Demonstration of accumulation of p53 protein may be the most accurate and definitive approach to prognosticating cases of Barrett's oesophagus.
This study focuses on p53 protein as a biomarker by immunohistochemistry staining in slides of different progression and demonstrates its promising clinical application.
Methods
Of 6175 endoscopies, from 970 cases of oesophagitis, a pilot study was performed on 6 cases of pathologically proven Barrett’s oesophagus, including a case with low-grade dysplasia, a case with high grade dysplasia and one case of poorly differentiated adenocarcinoma.
Formalin fixed paraffin embedded tissue sections of the above cases were stained for anti p53 antibodies.
The elevated immunohistochemical expression was quantified microscopically and a comparative analysis was done.
Results
p53 staining analysis showed significant immunoreactivity in the case of adenocarcinoma of oesophagus with diffuse strong nuclear staining.
Low grade dysplasia and high grade dysplasia showed strong nuclear staining in the involved epithelium with focal and variable intensity positivity in the metaplastic epithelium.
Those of reflux oesophagitis showed no nuclear staining in the epithelium.
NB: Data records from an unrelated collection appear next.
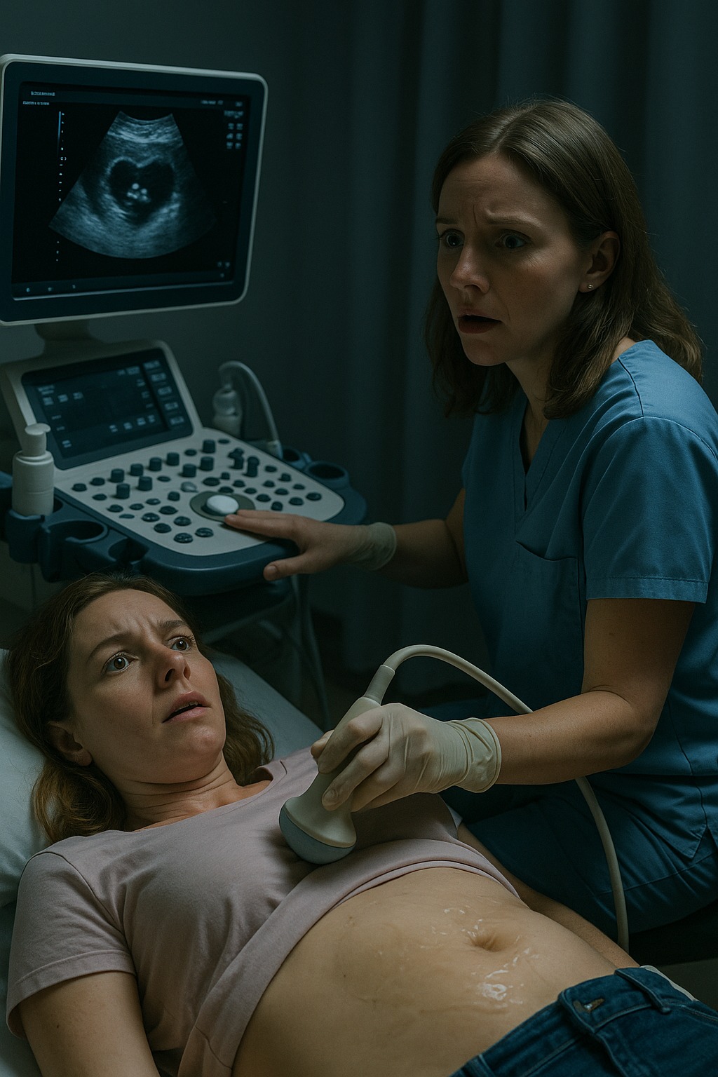 Anna a mennyezetet bámulta, hallgatta, ahogy az átalakító siklik a bőrén. Árnyékok villództak a képernyőn – hétköznapi, elmosódott alakzatok. Az orvos hallgatott, csak kémlelt. Aztán ráközelített a képre, megváltoztatta a szöget, és összevonta a szemöldökét. „Ez furcsa…” – motyogta. „Biztos benne, hogy nem terhes?”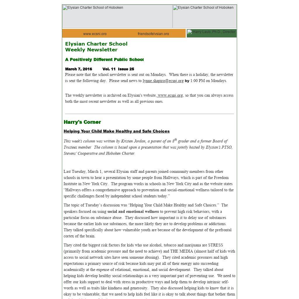 Last Tuesday, March 1, several Elysian staff and parents joined community members from other schools in town to hear a presentation by some people from Hallways, which is part of the Freedom Institute in New York City. The program works in schools in New York City and as the website states “Hallways offers a comprehensive approach to prevention and social-emotional wellness tailored to the specific challenges faced by independent school students today.”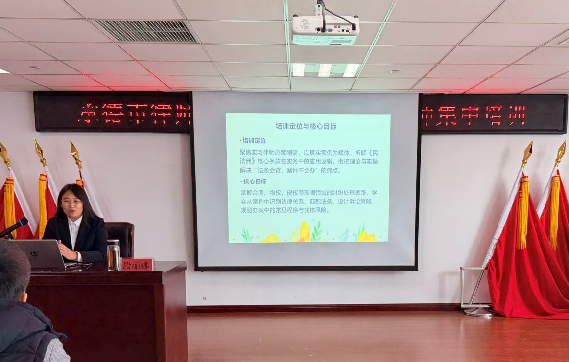 上午10时30分,市律协教育培训委员会副主任段丽娜接棒授课,以“以案释法——《民法典》办案事务分享”为主题,聚焦民事法律实务重点难点。她摒弃枯燥的法条堆砌,精选民事领域内多起具有典型性、代表性的案例,从案件事实梳理、法律关系分析到裁判思路解读,层层深入剖析实务中的核心问题与应对难点。授课中,她通过还原不同场景下的案件处理逻辑,清晰拆解“如何匹配法律条款与案件事实”“如何预判裁判倾向”等关键要点,帮助实习律师快速掌握《民法典》在实际办案中的应用方法,为今后处理各类民事法律事务提供清晰指引。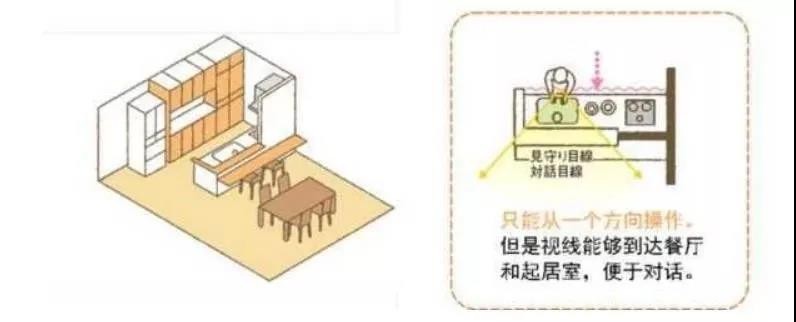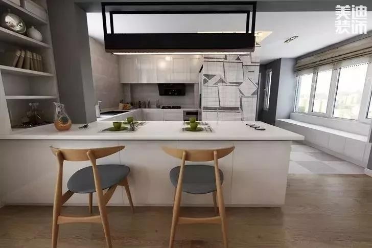 像這樣的小吧臺(tái)餐廳形式,它更適合不常做飯或輕油煙的家庭,如果是需要經(jīng)常做飯和重油煙的,還是選擇其他方法吧!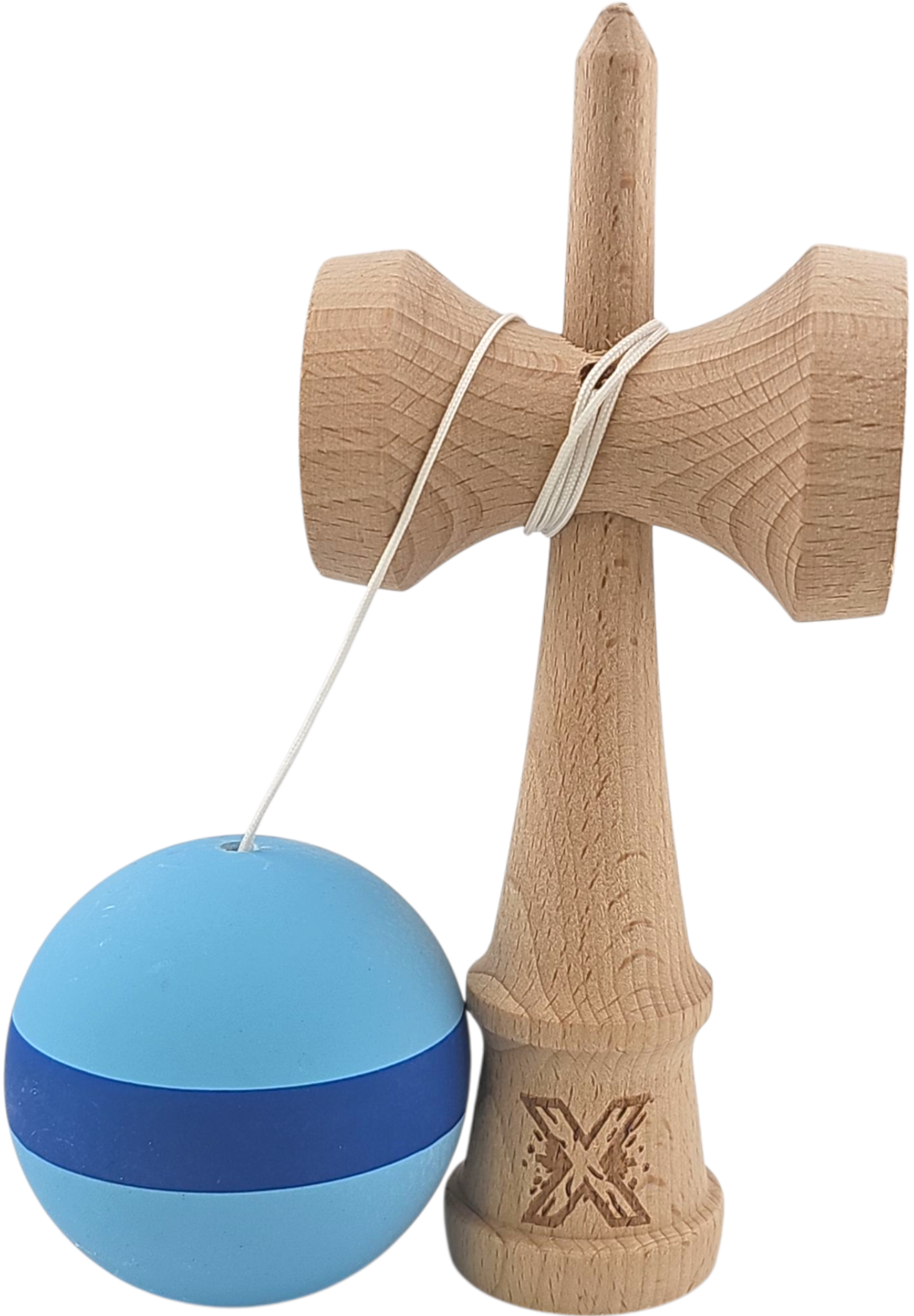 Kendama X Originala, Profesionala, Flippy, 18 cm din Lemn, Model cu Dunga, Bleu/Albastru

This pattern of staining with histological correlation is in concordance with other similar studies done supporting p53 as one of the crucial biomarkers for increased risk for carcinoma.
Conclusion
Increased p53 expression shows association with the higher risk of histological progression in the Barrett’s- carcinoma sequence.
With the available literature p53 immunohistochemical staining along with other biomarkers will help us to predict the high risk patients and help treating clinician follow up the high risk patients.
p53 shows promising utility as a part of panel for Barrett’s oesophagus and the spectrum.